- Title card
- Genre: Fantasy Teen drama Horror Supernatural Mystery
- Developed by: Malou N. Santos
- Written by: Shugo Praico
- Directed by: Chito S. Roño
- Starring: John Wayne Sace Maja Salvador Rayver Cruz Jiro Manio Serena Dalrymple Mico Aytona Joseph Bitangcol Michelle Madrigal
- Ending theme: "You'll Be Safe Here" by Rivermaya
- Composer: Rico Blanco
- Country of origin: Philippines
- Original language: Tagalog
- No. of episodes: 108

Production
- Executive producer: Shiela Marie A. Ocampo
- Running time: 30 minutes
- Production company: Star Creatives

Original release
- Network: ABS-CBN
- Release: December 6, 2004 – May 6, 2005

Related
- Spirits Reawaken

= Spirits (TV series) =

Philippine television drama series

Spirits is a Philippine television drama horror fantasy supernatural mystery series broadcast by ABS-CBN. Directed by Chito S. Roño, it stars John Wayne Sace, Maja Salvador, Rayver Cruz, Jiro Manio, Serena Dalrymple, Mico Aytona, Joseph Bitangcol and Michelle Madrigal. It aired on the network's Primetime Bida line up and worldwide on TFC from December 6, 2004 to May 6, 2005, replacing It Might Be You and was replaced by Mga Anghel na Walang Langit.

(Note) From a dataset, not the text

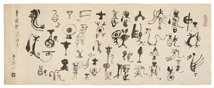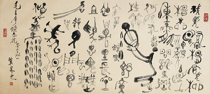 在張郎郎看來,李駱公的篆草書法將中國古代甲骨文和象形文字,包括古代壁畫、巖畫上刻的字演化為一種新的裝飾文字和書法樣式,其中既蘊含著深厚的古代藝術學養(yǎng),又有非常現(xiàn)代的創(chuàng)新意識。“從表面上看,李駱公先生的篆刻書法好像與我父親張仃先生的焦墨山水完全是兩回事,但他們實際表現(xiàn)的都是藝術無止境的探索精神,他們都在自己的道路上探索,能夠走到哪是哪,走著走著發(fā)現(xiàn)柳暗花明又一村,這就是他們一生奮斗過程的寫照?!?/p>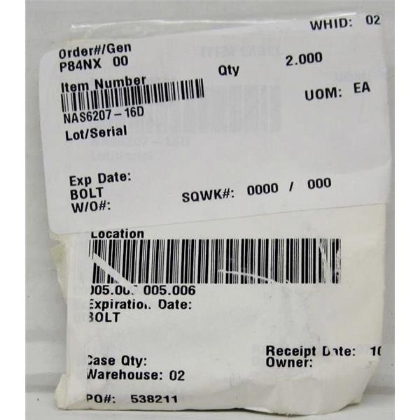 *LOT OF 2* NAS6207-16D BOLTS, AVIATION AIRCRAFT AIRPLANE SPARE SURPLUS PART

The series about eight children: Red, Lloyd, Maya, Liz, Jessie, Thor, Nato, and Gabby, who find out one day that they have special abilities unlike normal humans, which they received when a strange epidemic hit their hometown.

Intended to be a prequel to director Chito S. Roño's Spirit Warriors films, Spirits was Roño's television debut, though he had already directed several films.

==Premise==
One day in 1993, a small town is hit by an unknown supernatural epidemic, which only affected children. About a week after the sickness hit, almost every toddler and child in town was affected, and the town hospital was full of children. The same night, the evening sky started to change colors, into a mix of pink, red, and purple. A few hours after the sky changed, a pregnant lady was taken to the hospital, unaware that the baby that she was carrying was an alien. An unknown man knew about the alien, and went to the hospital to kill it, which would mean also killing the mother. The man entered the emergency room, but too late. The alien was born and just as he entered the room, the alien released a bright light in the hospital which killed almost all the children there. The only ones who survived were eight children and the adults.

==Cast and characters==
According to the plot, the world was composed by three different groups: Mortal, Immortals, and Elementals.

===Mortals===
Mortals are the group of simple people. Some have powers.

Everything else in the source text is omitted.